问题
Here's some bar code data from a pandas
database
737318 Sikat Botol Pigeon 4902508045506 75170
737379 Natur Manual Breast Pump 8850851860016 75170
738753 Sunlight 1232131321313 75261
739287 Bodymist bodyshop 1122334455667 75296
739677 Bodymist ale 1234567890123 75367
I want to remove data that is suspicious (i.e. has too many repeated or successive digits) like 1232131321313
, 1122334455667
, 1234567890123
, etc. I am very tolerant of false negatives, but want to avoid false positives (bad bar codes) as much as possible.
回答1:
If you're worried about repeated and successive digits, you can take np.diff
of the digits and then compare against a triangular distribution using a Kolmogorov Smirnov test.
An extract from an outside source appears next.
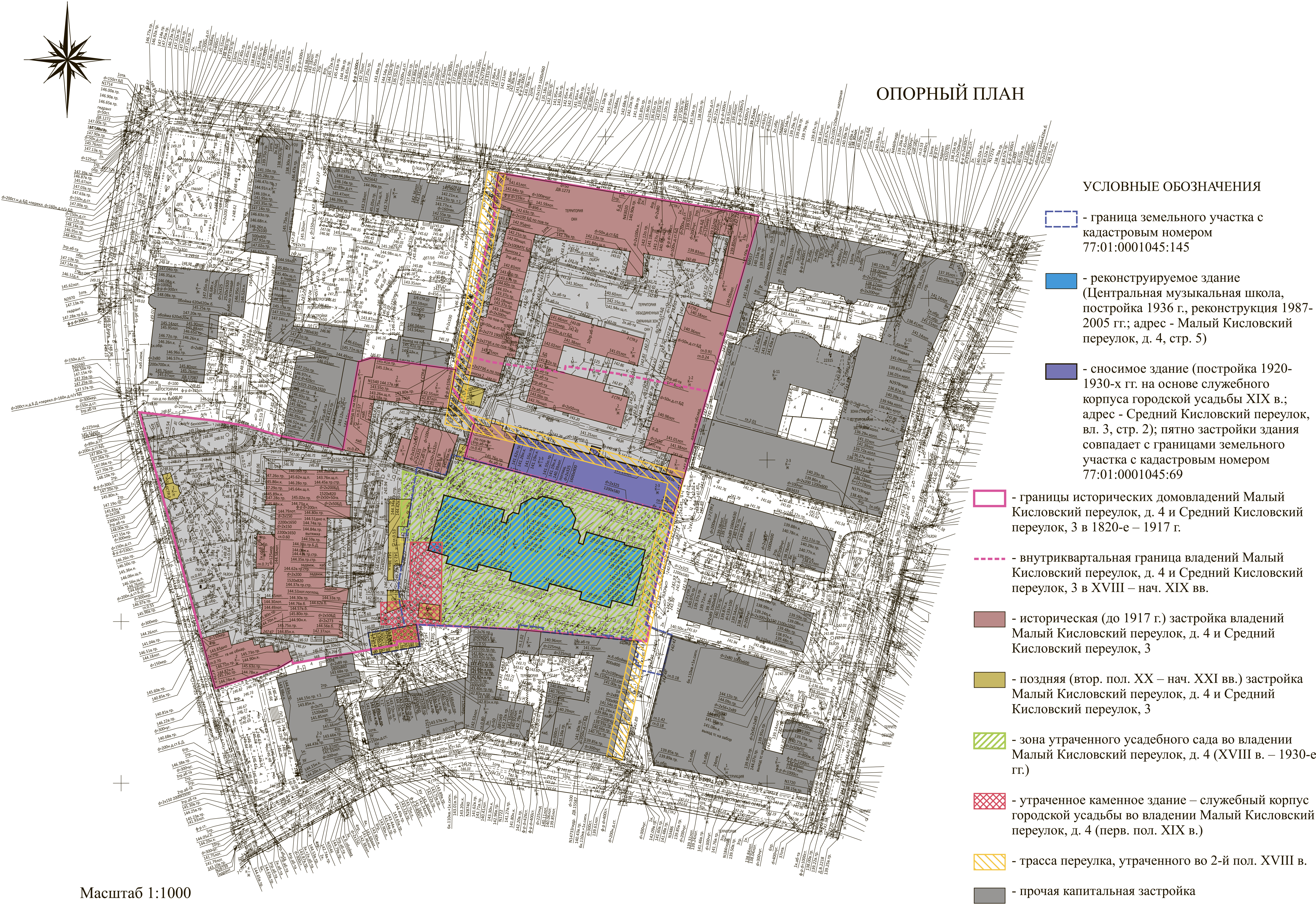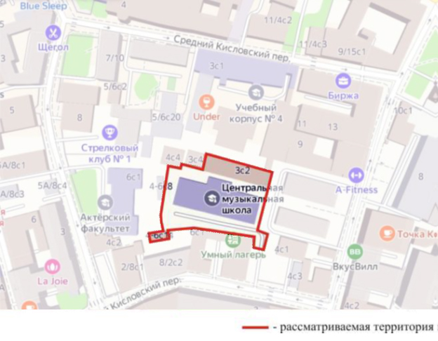 Рассматриваемая территория находится в глубине квартала, ограниченного Кисловскими переулками: Большим, Нижним, Малым и Средним. Она включает внутриквартальные участки двух исторических домовладений: Средний Кисловский пер., 3 (сносимое здание – стр. 2) и Малый Кисловский пер., 4, 6 (реконструируемое здание – Малый Кисловский пер., 4, стр. 5).

The difference between successive digits for a random number should follow a triangular distribution between -10
and 10
, with a maximum at 0
import scipy.stats as stat
t = stat.triang(.5, loc = -10, scale = 20)
Turning the bar codes into an array:
a = np.array(list(map(list, map(str, a))), dtype = int) # however you get `a` out of your dataframe
then build a mask with
np.array[stat.kstest(i, t.cdf).pvalue > .5 for i in np.diff(a, axis = 1)]
testing:
np.array([stat.kstest(j, t.cdf).pvalue > .5 for j in np.diff(np.random.randint(0, 10, (1000, 13)), axis = 1)]).sum()
Out: 720
You'll have about a 30% false negative rate, but a p-value threshold of .5
should pretty much guarantee that the values you keep don't have too many successive or repeat digits. If you want to really be sure you've eliminate anything suspicious, you may want to also KS test the actual digits against stat.uniform(scale = 10)
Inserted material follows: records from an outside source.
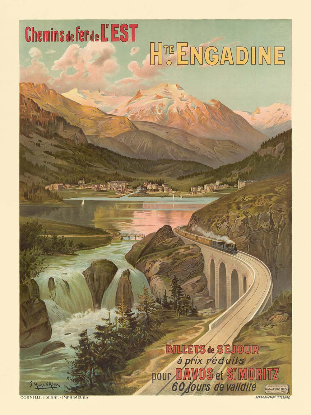 Chemins de fer de l’Est Haute Engadine by Frederic Hugo d’Alési (1910) evokes the golden age of Alpine tourism, inviting travelers from the French Eastern Railway into Switzerland’s sunlit Upper Engadine. This high valley in the canton of Graubünden—home to St. Moritz, Sils, and Silvaplana—was famed for bracing air, crystalline lakes, and grand hotels, all of which are captured in the poster’s panoramic sweep. The composition revels in a classic Belle Époque optimism: cool alpine greens and glacial blues balance against earthy browns, and the scenery opens outward toward distant, snow-bright summits and luminous lake water below.
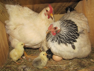 These two girls laid, set on and hatched out their eggs side by side, then continued to raise them as a team for three weeks. Amazing! Best hens I've ever had! And, with such different, yet complimentary parenting skills. Both were very nurturing, but the one on the left had a bit more "disciplinarian" in her. So fun to watch!
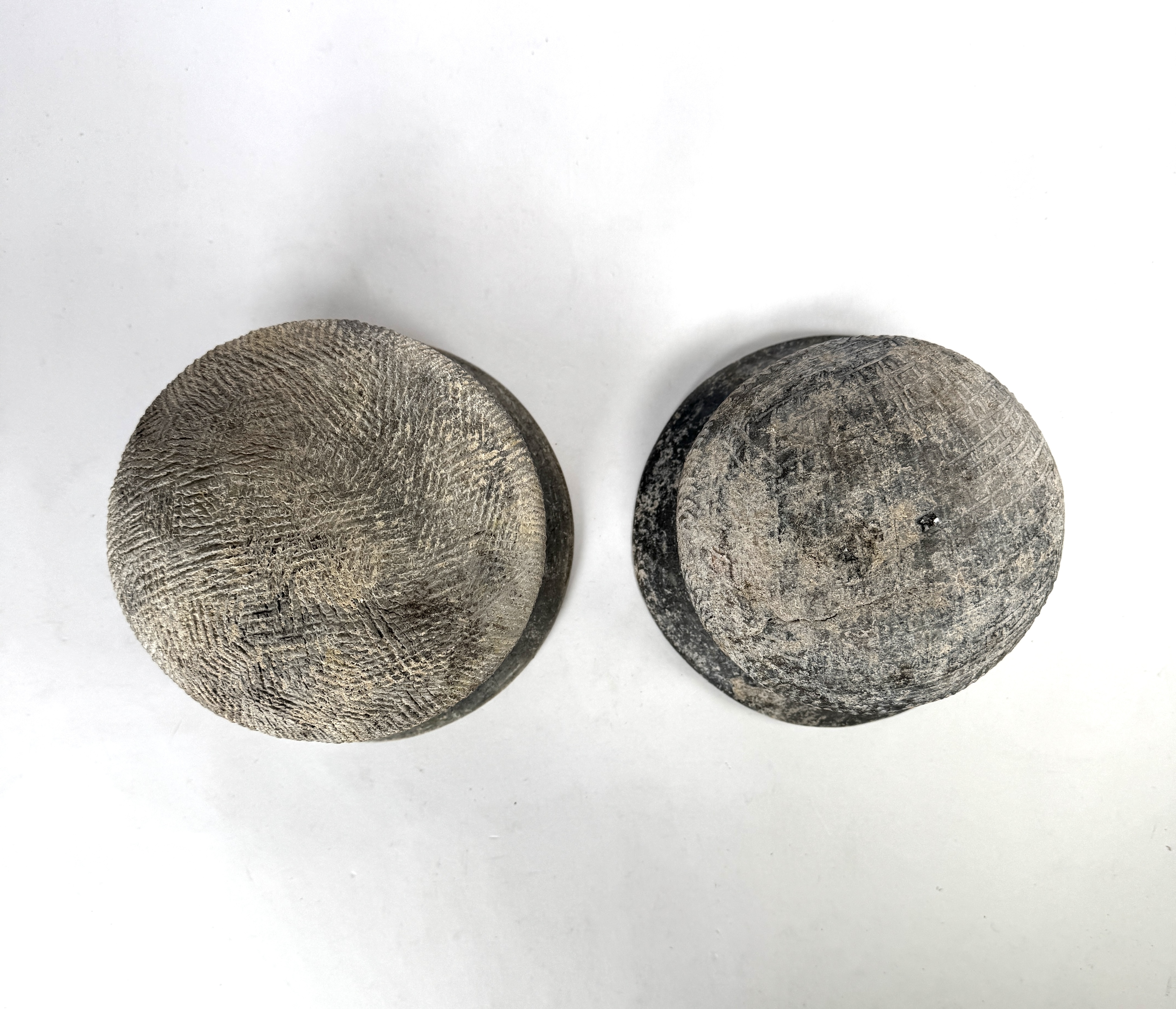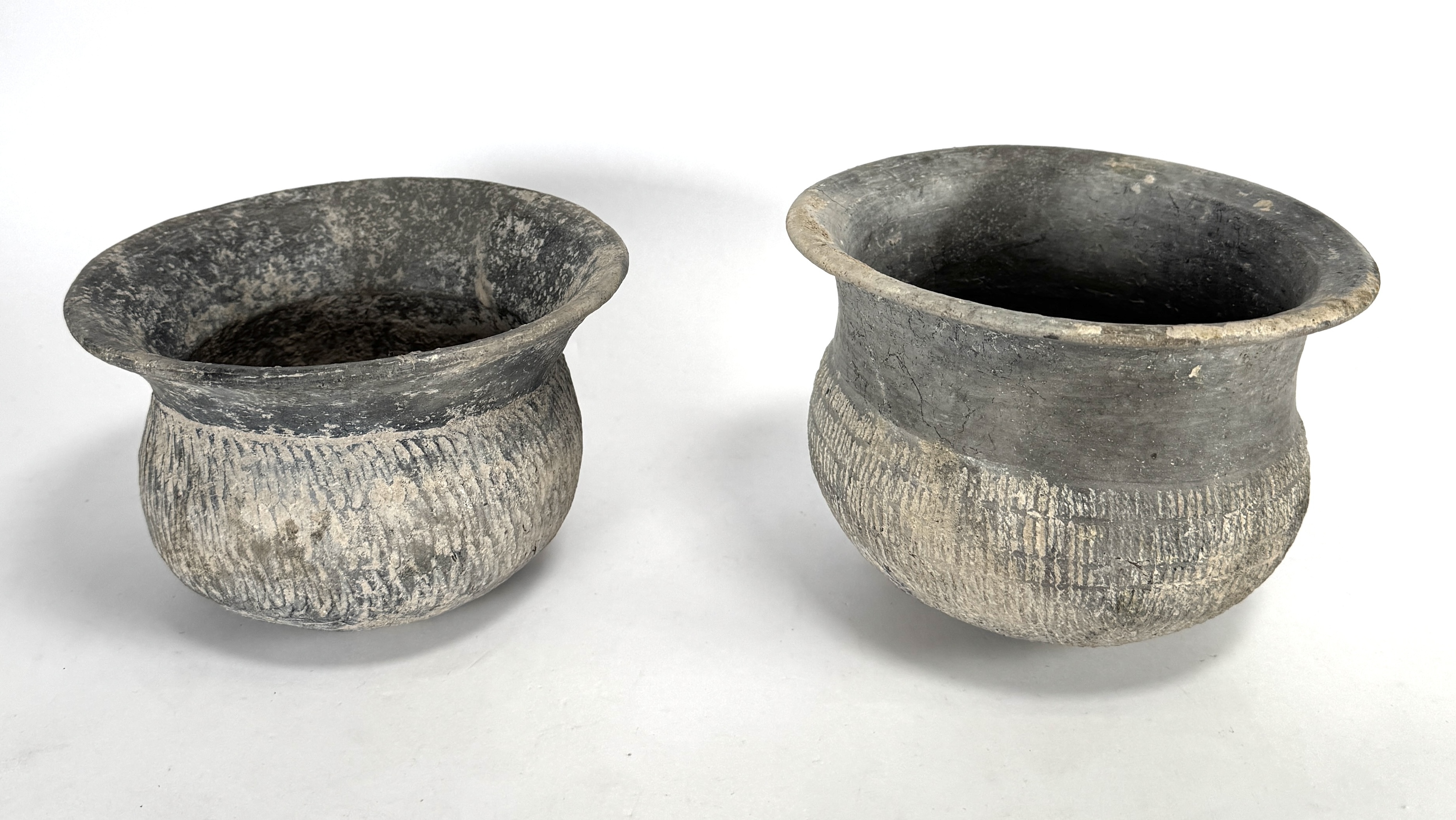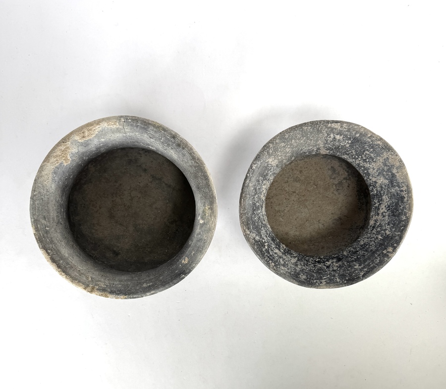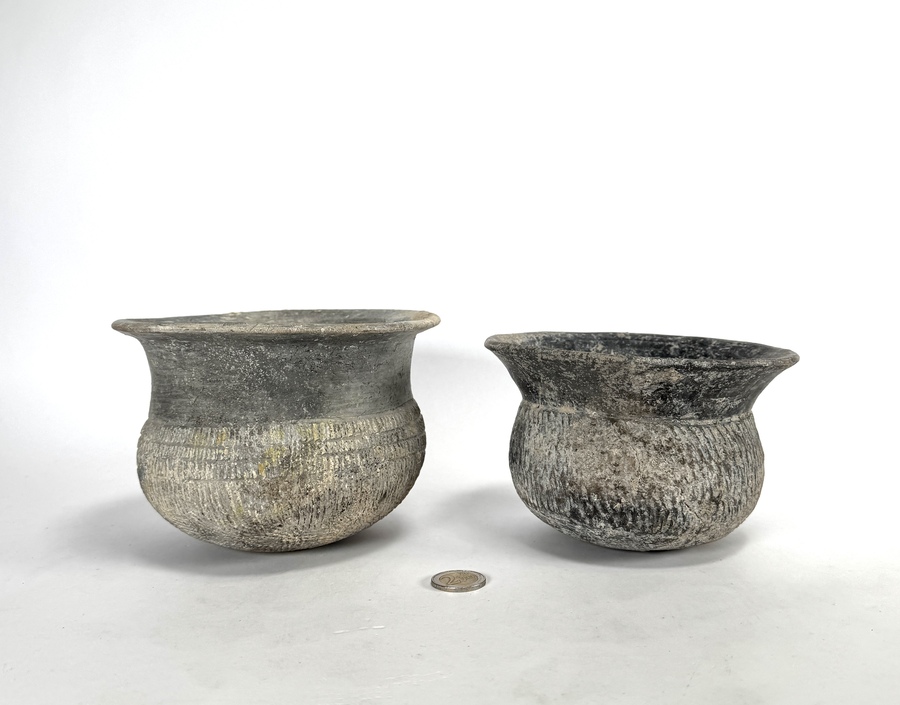 Zuidoost-Aziatische urnen van de Bantake cultuur, ca. 200 v. Chr., Cambodja. De handgevormde urnen in donkergrijs aardewerk vertonen een wijde monding en een licht bolvormig lichaam. De schouders zijn gedecoreerd met fijne, horizontaal ingekraste lijnen en geometrische patronen. Beide urnen vertonen een authentiek verweerd oppervlak met lichte sedimentaire resten. De set vormt een representatief geheel uit de ijzertijd van het vasteland van Zuidoost-Azië. Klaar om te bieden? Registreer je nu en doe mee aan de veiling! |

(to eliminate 1213141516171
and similar).
回答2:
As a first step I would use the barcodes built in validation mechanism, the checksum. As your barcodes appear to be GTIN barcodes (specifically GTIN-13), you can use this method:
>>> import math
>>> def CheckBarcode(s):
sum = 0
for i in range(len(s[:-1])):
sum += int(s[i]) * ((i%2)*2+1)
return math.ceil(sum/10)*10-sum == int(s[-1])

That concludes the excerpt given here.